On Wed, Mar 18, 2015 at 5:21 PM, Adrian Prantl <aprantl at apple.com> wrote:

>
> On Mar 18, 2015, at 5:03 PM, David Blaikie <dblaikie at gmail.com> wrote:
>
>
>
> On Wed, Mar 18, 2015 at 4:53 PM, Adrian Prantl <aprantl at apple.com> wrote:
>
>>
>> On Mar 18, 2015, at 4:41 PM, David Blaikie <dblaikie at gmail.com> wrote:
>>
>>
>>
>> On Wed, Mar 18, 2015 at 4:31 PM, Adrian Prantl <aprantl at apple.com> wrote:
>>
>>>
>>> On Mar 18, 2015, at 4:02 PM, David Blaikie <dblaikie at gmail.com> wrote:
>>>
>>>
>>>
>>> On Wed, Mar 18, 2015 at 3:50 PM, Adrian Prantl <aprantl at apple.com>
>>> wrote:
>>>
>>>>
>>>> On Mar 17, 2015, at 6:44 PM, David Blaikie <dblaikie at gmail.com> wrote:
>>>>
>>>>
>>>>
>>>> On Tue, Mar 17, 2015 at 3:47 PM, Adrian Prantl <aprantl at apple.com>
>>>> wrote:
>>>>
>>>>>
>>>>> > On Mar 17, 2015, at 10:03 AM, Greg Clayton <gclayton at apple.com>
>>>>> wrote:
>>>>> >
>>>>> >
>>>>> >> On Mar 17, 2015, at 9:46 AM, David Blaikie <dblaikie at gmail.com>
>>>>> wrote:
>>>>> >>
>>>>> >>
>>>>> >>
>>>>> >> On Tue, Mar 17, 2015 at 9:42 AM, Greg Clayton <gclayton at apple.com>
>>>>> wrote:
>>>>> >>
>>>>> >>> On Mar 16, 2015, at 6:47 PM, David Blaikie <dblaikie at gmail.com>
>>>>> wrote:
>>>>> >>>
>>>>> >>>
>>>>> >>>
>>>>> >>> On Mon, Mar 16, 2015 at 5:14 PM, Adrian Prantl <aprantl at apple.com>
>>>>> wrote:
>>>>> >>>
>>>>> >>> Thanks for the explanation David, I missed that it is entirely the
>>>>> linker's (or some dwarf post-processor's) responsibility to find the module
>>>>> files and link in the debug info from the .pcm files, so debugger doesn’t
>>>>> notice a difference.
>>>>> >>>
>>>>> >>> I think there's still some confusion here. Sorry if I'm rehashing
>>>>> something, but I'll try to explain how this all works.
>>>>> >>>
>>>>> >>> Normal split DWARF:
>>>>> >>>
>>>>> >>> Compiler generates two files: .o and .dwo.

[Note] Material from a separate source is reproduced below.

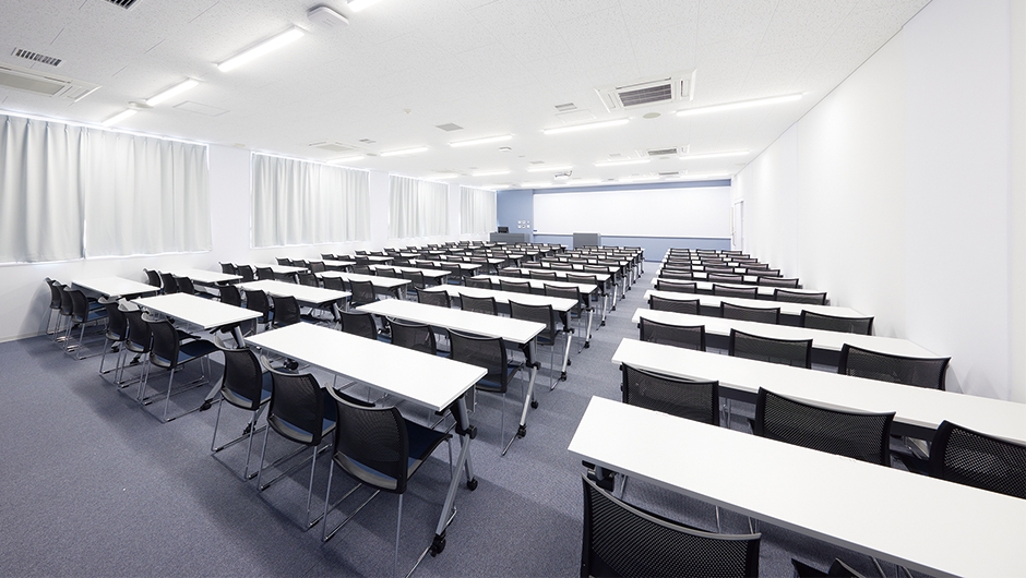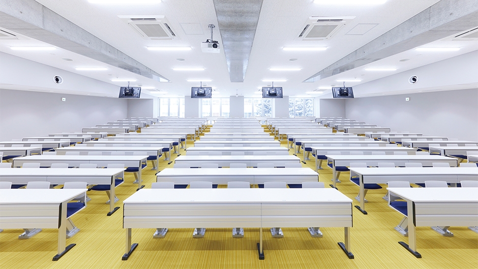 多様な学びのスタイルに対応する高い機能性を兼ね備えた大・中講義室には、コロナ禍で急速に需要が高まったハイフレックス型授業に対応できる最新のICT機器が完備されています。そのほかフレキシブルに教室内の設備や広さ等を変えられるなど、アクティブラーニングにも対応した講義室となっています。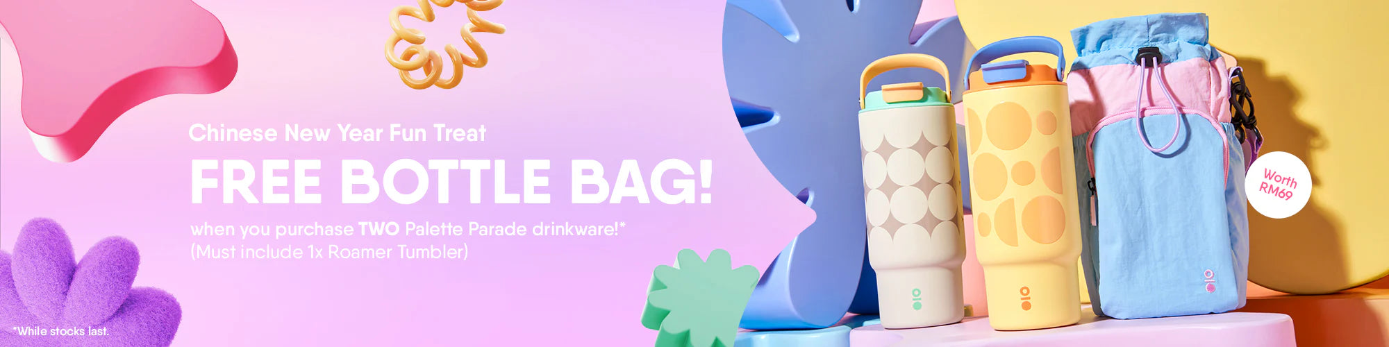 Limited Time Offer: FREE Palette Parade Bottle Bag when you purchase TWO Palette Parade drinkware (must include 1x Roamer Tumbler)!*

>>>>> >>> .dwo has static, non-relocatable debug info.
>>>>> >>> .o has a skeleton compile_unit that has the name of the .dwo file
>>>>> and a hash to verify that the .dwo file isn't stale when the debugger reads
>>>>> it.
>>>>> >>> The .o files are all linked together, the .dwo files stay where
>>>>> they are.
>>>>> >>> The debugger reads the linked executable, finds the skeleton
>>>>> compile_units contained therein, and find/loads the .dwo files
>>>>> >>>
>>>>> >>> The scenario I have in mind for module debug info is this:
>>>>> >>> Module is compiled as an object file with debug info (this file is
>>>>> actually a .dwo file, even if it has some other extension - it has the
>>>>> non-relocatable debug info in it)
>>>>> >>> .o file has a comdat'd skeleton compile_unit describing the
>>>>> .dwo/module file
>>>>> >>> <from here on no extra work is required, the linker and debugger
>>>>> just act as normal>
>>>>> >>> The .o files are linked together, the skeleton compile_units get
>>>>> deduplicated by the linker (comdat sections)
>>>>> >>
>>>>> >> One issue I can think of is we will need to figure out a way to
>>>>> make COMDAT work with mach-o. COMDAT requires large number of sections and
>>>>> mach-o can only have 255.
>>>>> >>
>>>>> >> Ah, fair enough - how does MachO handle inline functions (the most
>>>>> common use of comdat) currently, then?
>>>>> >
>>>>> > Currently mach-o relies on symbols in the symbol table being marked
>>>>> as weak and I believe the data for these symbols are in special sections
>>>>> that are marked as containing items that can be coalesced.
>>>>> >
>>>>> That’s not necessarily an issue that needs to be solved on Darwin, or
>>>>> am I maybe missing something? The linker leaves all debug info in the .o
>>>>> (as it currently does) and llvm-dsymutil is resolving all the external
>>>>> module type references while creating the .dSYM bundle.
>>>>>
>>>>
>>>> Yeah, with a debug aware linker (or in the case of dsymutil, a
>>>> debug-only linker) you would just know that since you're looking at object
>>>> files, module references will be redundant across objects and should be
>>>> deduplicated (by the dwo hash, most likely).
>>>>
>>>> If you're not teaching your debugger to read modules, and want to link
>>>> the debug info in from the .dwos - at that point you can probably drop the
>>>> skeleton stuff entirely (you'd still need to teach your debugger about .dwo
>>>> sections and some of the esoteric things there - like str_index and the
>>>> extra/special line table just for file names (decl_file, etc, uses this))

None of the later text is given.